Discussion on in-premises presence : detection, usage, UIs

Here I am sharing my end-user findings and ideas on presence detection, notifications and UI, hoping that this less technical approach opens discussions and contribute to take home automation, and OH in particular, to what it should provide to end-user : simplicity, comfort, “intelligence”, universal usage, all hiding its technical complexity and advanced architecture.

I have worked on intra-building and on premises presence detection and would like to share my implementation for discussion and brainstorming. Arrival/departure is working pretty weel. Intra-building is still unsatisfying.

On premises
User location items have following states : home, arrival, departure, away. I tried ping-based detection, Owntracks, Tado location reporting, Synology Videostation geofence and none gave me acceptable reactivity. Finally I use Tasker with 3 geofences and Wifi detection to update states. I kepts ping tracking to determine who is home based on phone IP.
On Tasker side, the frequency of geolocation/Wifi detection is automatically adjuste depending on the location to improve precision and speed in detection.
A guest user item allows handling unknown users : keep some command systems disabled, such as audio/video, deactivate alarm and cameras but keep light switches enabled.

  • Wifi connected = home
  • Wifi disconnected + leaving near geofence (100m)=departure
  • Wifi disconnected + leaving far geofence (500m) or after 5 min=away
  • Wifi disconnected + entering medium geofence (200m)=arriving. If no garage door command received for 3 minutes or leaving geofence then back to away (for example when driving nearby but not returning home)

Door commands are triggered from a simple Tasker UI on the phone which also sends the name of the user supposed to arrive. Then in OH, a User_arriving_perdoor item will help OH to welcome properly the user depending from which gate it arrives (say Welcome back, Yann, tell user-related events or more)

Intra-building
I use all available events that report a user activity.

  • Motion detection (Zwave movement sensors) but a 30 secs delay make location unreliable
  • Door contacts
  • Wallswitches: when one zwave lighting changes state without a prior command, it means that the command was triggered from a wallswich. I implemented a switch “proxy layer” so I can see if a light state change is related to a proxy command. Advantage of the layer is that you can “lock” switches by cancelling a command (sending an OFF after an unattended ON was received)
  • Speech : the echo binding reports any speech and helps location. My concern is that not always the closest Echo responds to requests so location gets incorrect
  • IR : IR receiver help locating users
  • Cameras : presence detection reported by Synology Surveillance Station through HTTP
    All these items belong to a room group.
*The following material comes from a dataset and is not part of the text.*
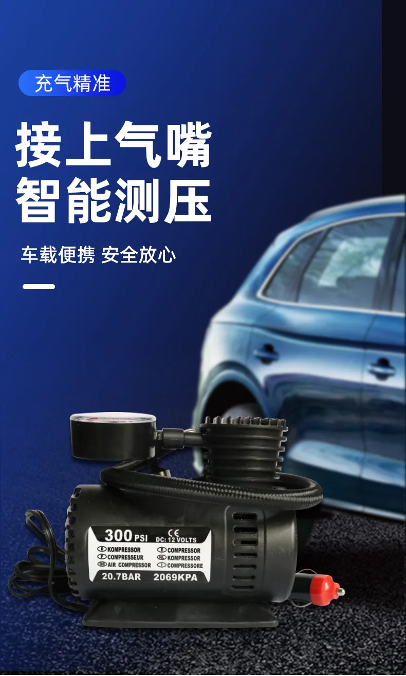 Locomotive Type 12V Portable 300psi Car Mini Air Compressor Pump Automobile Tire Tyre Inflator Pump for Auto Bicycle Motorcycle Kayak Black Specification: Name: Micro Locomotive Air Pump Material: ABS Colour: Black Voltage: 12V-24V Power cord length: 300mm Power: 60w Trachea:approx.45cm Air flow: 15LPM Power Type: Cigarette Lighter MAX PSI: 300PSI Product size: 165*125*85mm Weight: 350g Applicable: Quickly inflate for cars, bicycles, motorcycles, kayaks, balls, etc., simple, convenient and practical. (Not applicable to trucks and large trucks) Tips: Please start the car first and then plug in the cigarette lighter. If you plug it in first and then start it, it may directly burn the product, remember!!! Due to the different monitor and light effect, the actual color of the item might be slightly different from the color showed on the pictures. Thank you! Please allow 1-2cm measuring deviation due to manual measurement. 1*Air pump

Each room has a LastPresence_Room item with an expiration delay.

Purpose of locating people at home is mainly to allow the notification sub-system to determine the best notification method (speech, color light, TV OSD notification, push to device, immediate or delayed) depending on “notification channels” available in the room, depending on the addressees of the message (all persons at home, all persons not at home, a burglar :cowboy_hat_face:, a specific user), and depending on on-going activities (watching TV , criticity of the message and user notification preferences.

This works pretty well when 1 person is at home but location is of course unreliable when 2 or more are moving between rooms. This might be improved by some algorithmic logic using times to move between rooms or order of sensor triggering (which should give the direction of the movement).

I read with attention this tutorial and had not thought about the CO2 detection. I am sure we can find more tricky ways to improve this.

On top of this, I implemented a very simple “Alexa, follow me rule” which make Alexa tell when you enter a room and swiitch lights accordingly. It is for show-off but one can imagine triggering events based on users habits and wills with this tracking.

Running dynamic and lean Habpanel UIs (just starting with Habpanel…) that displays relevant commands depending on the user, the time of the day or the context would be nice. I am quite circumspect about home automation UIs that often look like a Boeing 747 cockpit or Tchernobyl power plants… Sure they are beautiful and a technical show-off demos for developers but they are nightmare for mates and children who are supposed to be end users. Home automation is not SCADA. Same architecture maybe, but different purposes.
UI challenge is to find the “best” interaction channel : speech, hard keys (long life to TV remotes), touchscreen : each has its strength and weakness depending on the situation.

One major point of tracking is both to provide cutting-edge automated comfort features and ensure individual privacy at the same time. On this 2nd point, I think that home automation systems miss for the moment individual privacy management. My mate and I are really touchy about this: for example, no way one can activate the cameras at home to spy his partner or locate him during the day. I believe these are interesting challenges to address.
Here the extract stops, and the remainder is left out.